Slow Actor start time due to import overhead of dependencies


I’m working on a realtime video analytics application that depends on the scientific computing stack of numpy/scipy/opencv/torch/sklearn/matplotlib/etc. It spawns multiple actors for each stream and we’re running into issues with the startup time, which appears to be due to the overhead introduced due to the import time of these libraries. Because we have an actor for each session that spins up other actors for ingest and processing the cost blows up and it takes around 15 seconds for the initial ray.get(actor.method.remote()) to return.

Is there a way to get around this by potentially preallocating a process pool for the actors with the initial set of dependencies loaded?

Have you looked into Actor pools

Yes but it’s not the easiest solution in my case because the actors I’m using are stateful and get assigned to individual video streams.

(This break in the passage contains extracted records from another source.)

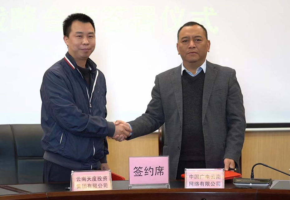 2月17日上午,中國廣電云南網(wǎng)絡(luò)有限公司與云南天度投資集團(tuán)有限公司《戰(zhàn)略合作協(xié)議》簽署儀式在中國廣電云南網(wǎng)絡(luò)有限公司總部A座19樓舉行,雙方將在“文化固邊、電商興邊”、數(shù)字化服務(wù)及直播電商等新業(yè)態(tài)、新領(lǐng)域展開全面深入合作。中國廣電云南網(wǎng)絡(luò)有限公司總經(jīng)理趙聯(lián)濤,云南天度投資集團(tuán)有限公司董事長鄭桂文分別代表雙方簽署協(xié)議。
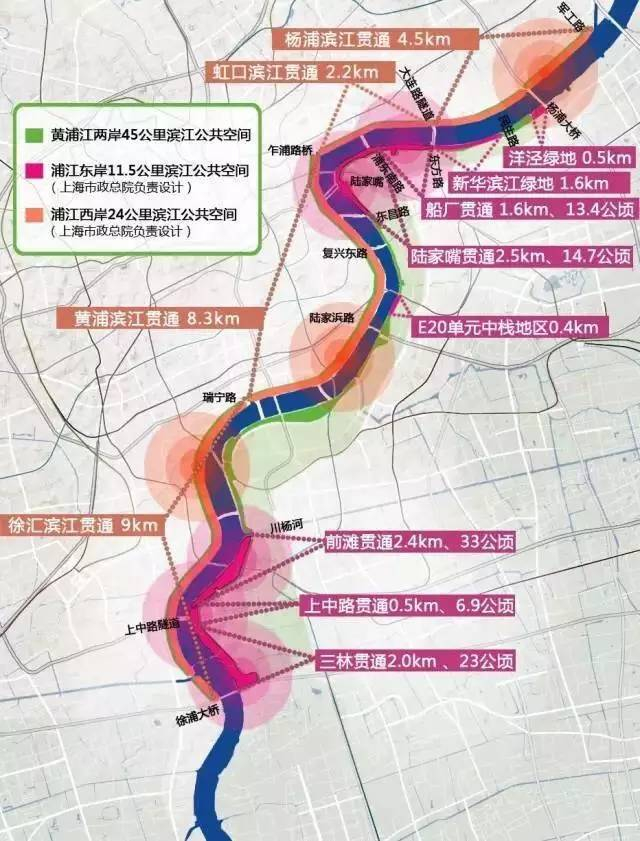 该项目将于2017年9月底完成新建漫步道、跑步道、骑行道三线贯通。项目将通过变封闭厂区为公共空间、合理保留和利用老建筑、设计和建设新地标等创新手段,不仅还江于民,还希望打造浦江东岸魅力新空间。
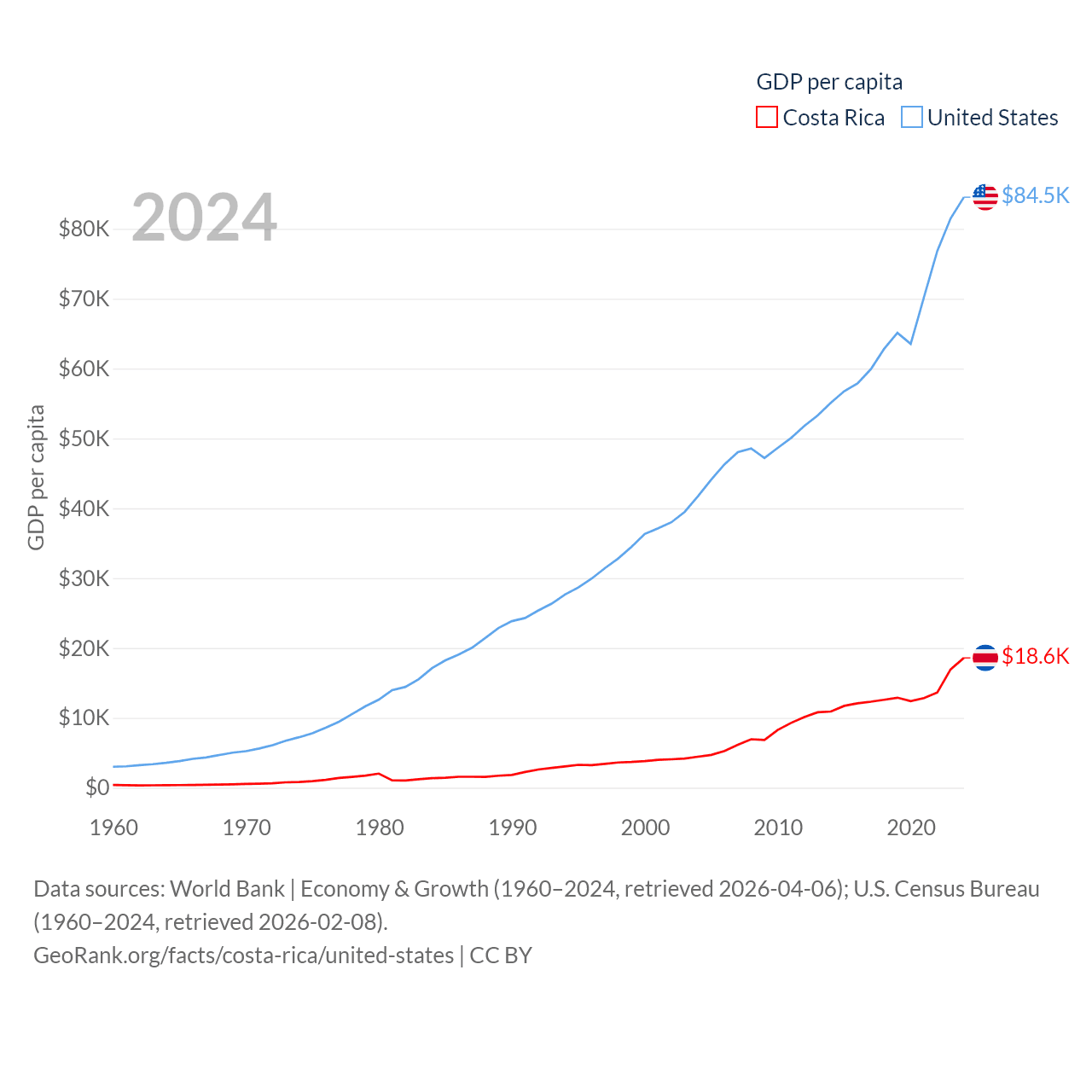 By GDP, Costa Rica ranks 73/197 ($95.4B) and The United States ranks 1/197 ($28.8T). By GDP per capita, Costa Rica ranks 62/197 ($18,587), while The United States ranks 10/197 ($84,534).
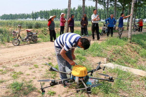 在曲阜市王庄镇绿郁郁的麦田里,伴随着一阵马达轰鸣声,装载着农药的“植保无人机”在技术人员无线装置遥控下,在麦田低空飞行,实施小麦“一喷三防”统防作业,吸引了众多群众驻足观看。
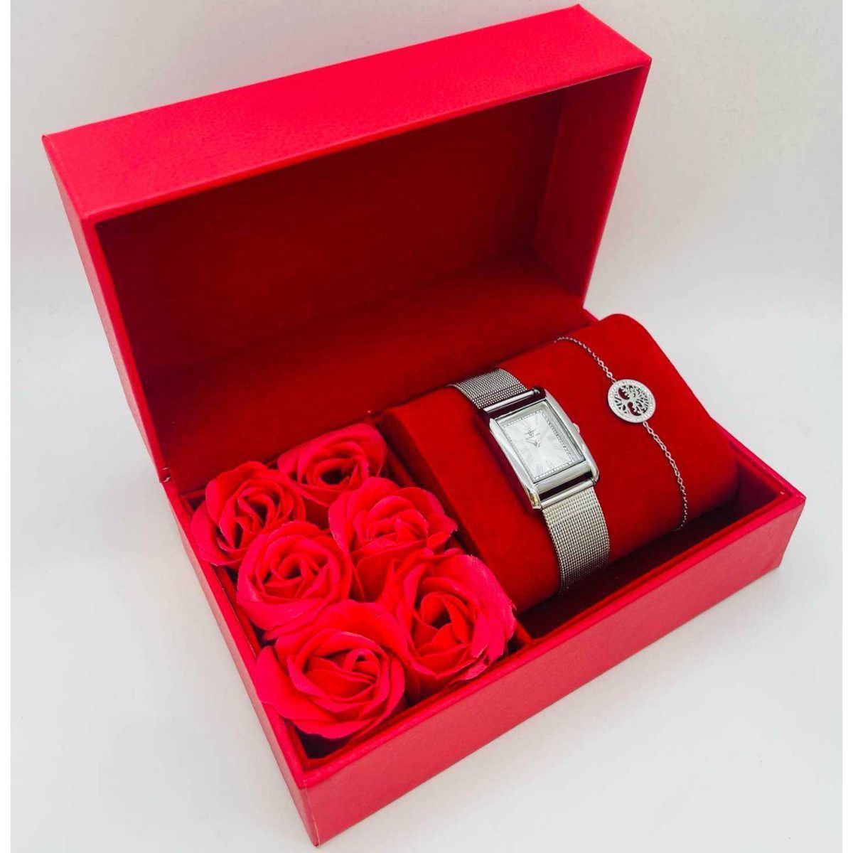 Cette montre est présentée dans un coffret rouge vif, accompagnée de roses rouges et d’un bijou raffiné.
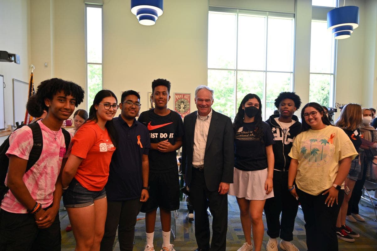 ARLINGTON, VA — U.S. Sen. Tim Kaine of Virginia met with students at Wakefield High School in Arlington on Monday to discuss gun violence and legislative measures that the senator hopes will be adopted to avoid another mass shooting like the one that happened at Robb Elementary School in Texas on May 24.
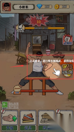 2. 轻点屏幕劈木板,提升力量即可赢取金币奖励。

I’m really looking for a way to make Actors get preallocated the way tasks are (as explained here Using Actors — Ray v2.0.0.dev0).

If not I’ll probably have to preallocate the actors myself at startup and have some extra logic to manage assigning free ones to new streams.

Actually, tasks are not preallocated in this case. What’s happening is there are pre-created workers, and when actors are created, it chooses one of them to be initialized.

I think there’s no clear way to make this pre-import works right now. I recommend you to do what you mentioned, but feel free to create API requests to our Github issue page!.